- _Try it_: If pictures are present, leave them out, and copy the data word for word.

- _Raw data_:
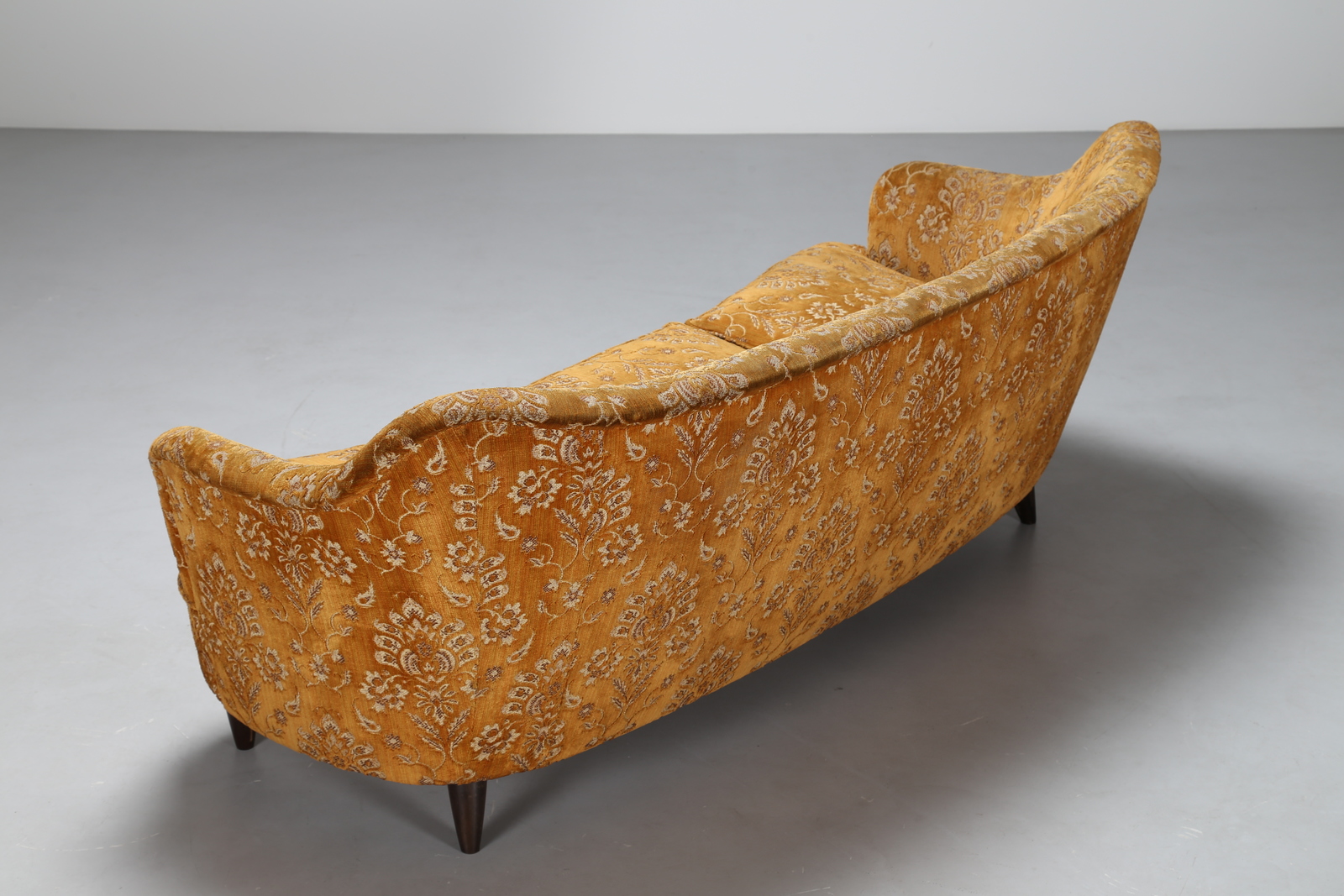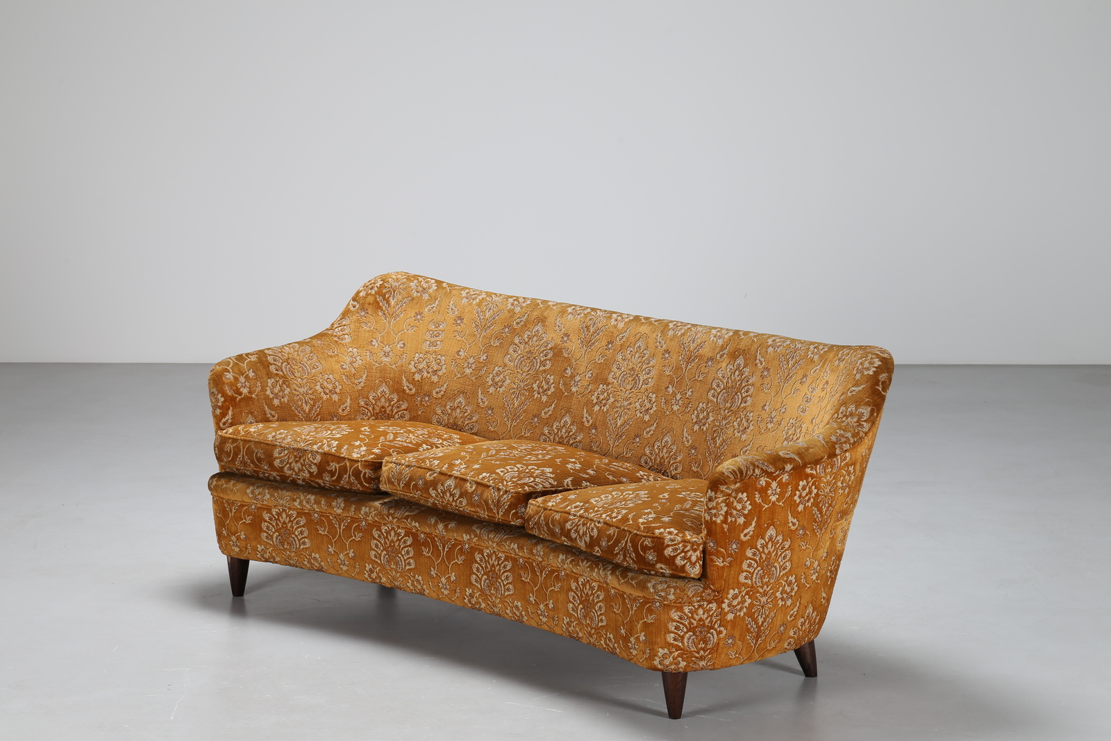 PONTI GIO' (1891 - 1979) Divano in tessuto giallo ocra a fiori con piedini in...
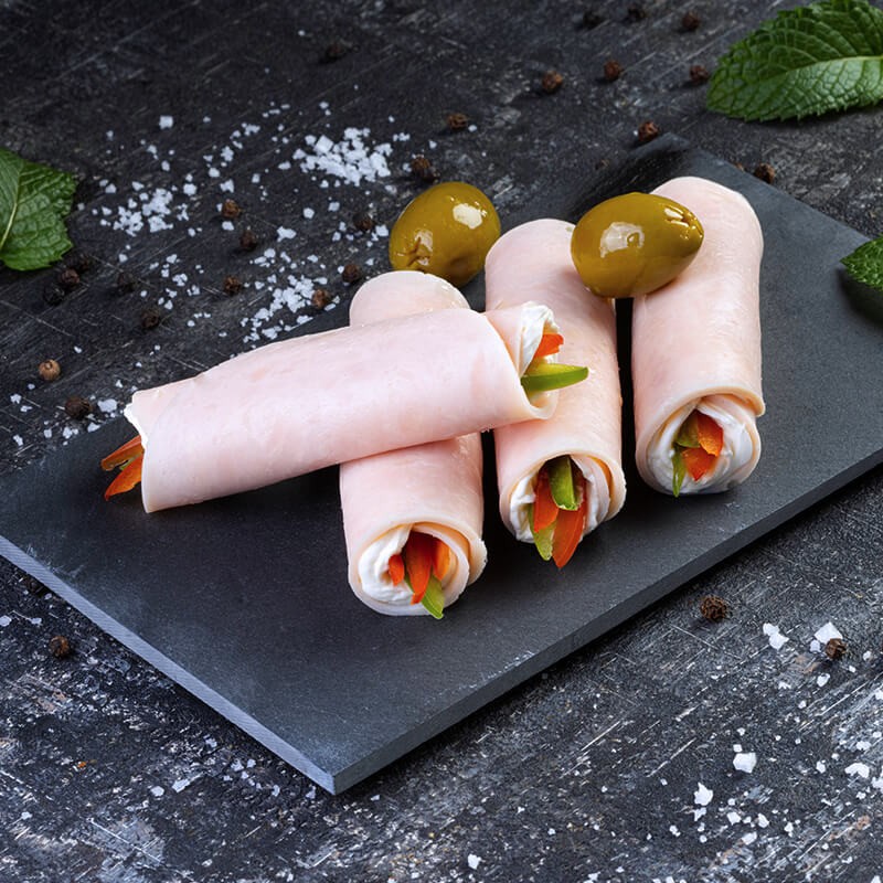 3.- Untar queso crema y colocar de 3 a 4 julianas de morrón verde y rojo, enrollar, continuar el proceso con cada una de las rebanadas de pechuga de pavo natural Tangamanga.
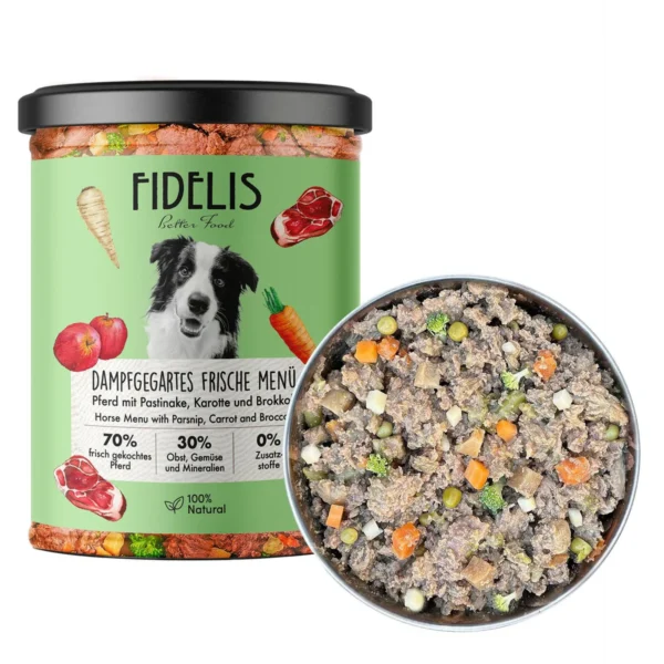 Za naš svježi jelovnik s konjima koristimo samo svježe, prehrambene sastojke u našem vlastitom proizvodnom pogonu. Visokokvalitetno konjsko meso i iznutrice kuhaju se polako i lagano na niskim temperaturama. Tek tada u kuhanu hranu dodajemo blanširani pastrnjak, mrkvu, grašak, brokulu i jabuke, te laneno ulje, šipak, algu limetu, pivski kvasac, brašno od algi i ružmarin. Time se osigurava optimalno očuvanje okusa i hranjivih tvari.

- _Solution below_:
 PONTI GIO' (1891 - 1979) Divano in tessuto giallo ocra a fiori con piedini in...
 3.- Untar queso crema y colocar de 3 a 4 julianas de morrón verde y rojo, enrollar, continuar el proceso con cada una de las rebanadas de pechuga de pavo natural Tangamanga.
 Za naš svježi jelovnik s konjima koristimo samo svježe, prehrambene sastojke u našem vlastitom proizvodnom pogonu. Visokokvalitetno konjsko meso i iznutrice kuhaju se polako i lagano na niskim temperaturama. Tek tada u kuhanu hranu dodajemo blanširani pastrnjak, mrkvu, grašak, brokulu i jabuke, te laneno ulje, šipak, algu limetu, pivski kvasac, brašno od algi i ružmarin. Time se osigurava optimalno očuvanje okusa i hranjivih tvari.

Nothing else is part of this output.